Start of DATASET SECTION

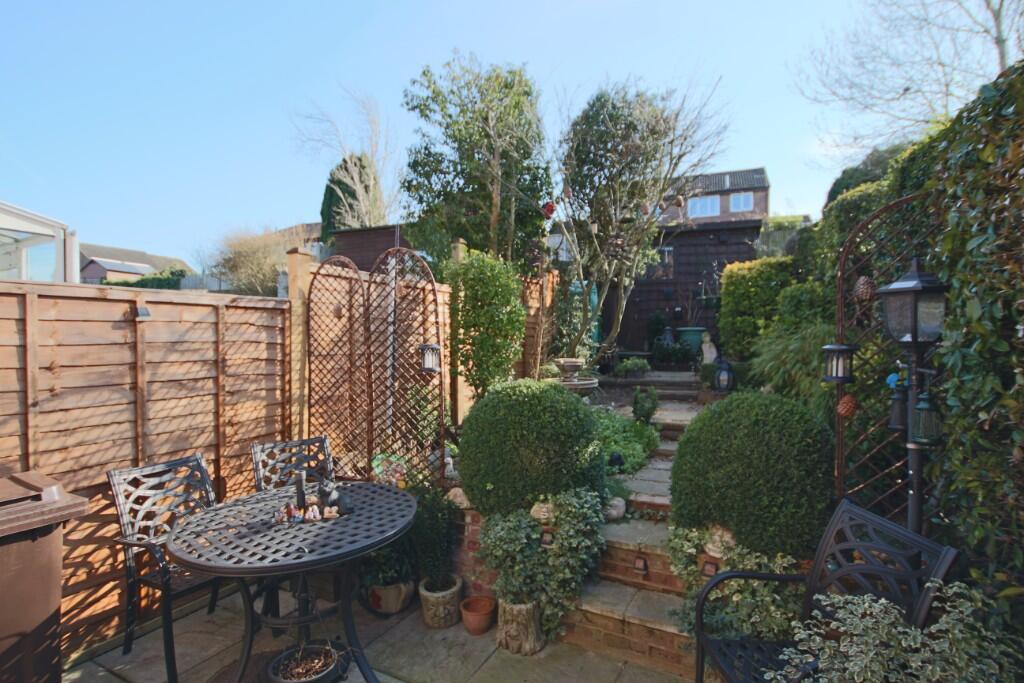 The property is a 2 bedroom, 1 bathroom terraced house located in Maidstone, Kent. It appears to be in good condition, with a recently updated kitchen and bathroom. There is a small, well-maintained rear garden. The location is convenient, with several train stations within a reasonable distance and proximity to schools. The list price is slightly above average for the area, but may be reasonable considering its condition and the inclusion of a garden. More information on comparable properties would be needed to make a definitive judgement on value.
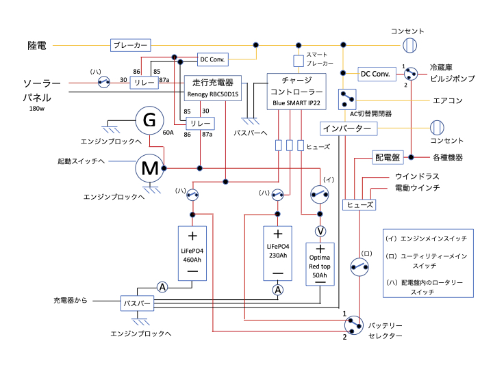 そうすると、これを充電するためには、陸電、ソーラー、走行充電と総動員することになり、それらが相互干渉しないための工夫が必要になる。しかも、後でわかった事だが、LFPは、保管時のSOC(State of Charge、充電率)を50-60%に留める必要があるとの事(フル充電で置いておくと寿命が縮まる)。うちの船では、冷蔵庫が常時稼働しているので、ACチャージャーを切った状態では充電・消費のバランスを取るのが難しく、苦肉の策でACチャージャーとは別系統で、陸電から12V電源を取り出してこれらを稼働させる仕組みを付加することになった。
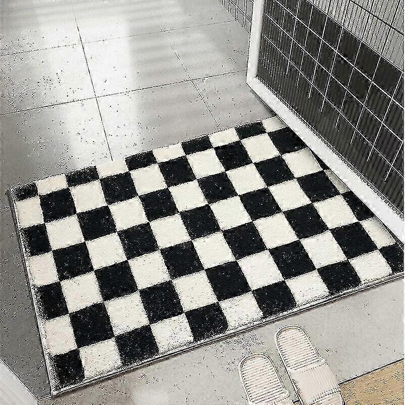 Checkerboard Bath Mat Thick Non-Slip Absorbent Bathroom Rug, Entrance Doormat for Bedroom Home Decor

End of DATASET SECTION

- ASSIGNMENT:
Write out the material above again, word for word, minus its pictures.

- OUTPUT BELOW:
 The property is a 2 bedroom, 1 bathroom terraced house located in Maidstone, Kent. It appears to be in good condition, with a recently updated kitchen and bathroom. There is a small, well-maintained rear garden. The location is convenient, with several train stations within a reasonable distance and proximity to schools. The list price is slightly above average for the area, but may be reasonable considering its condition and the inclusion of a garden. More information on comparable properties would be needed to make a definitive judgement on value.
 そうすると、これを充電するためには、陸電、ソーラー、走行充電と総動員することになり、それらが相互干渉しないための工夫が必要になる。しかも、後でわかった事だが、LFPは、保管時のSOC(State of Charge、充電率)を50-60%に留める必要があるとの事(フル充電で置いておくと寿命が縮まる)。うちの船では、冷蔵庫が常時稼働しているので、ACチャージャーを切った状態では充電・消費のバランスを取るのが難しく、苦肉の策でACチャージャーとは別系統で、陸電から12V電源を取り出してこれらを稼働させる仕組みを付加することになった。
 Checkerboard Bath Mat Thick Non-Slip Absorbent Bathroom Rug, Entrance Doormat for Bedroom Home Decor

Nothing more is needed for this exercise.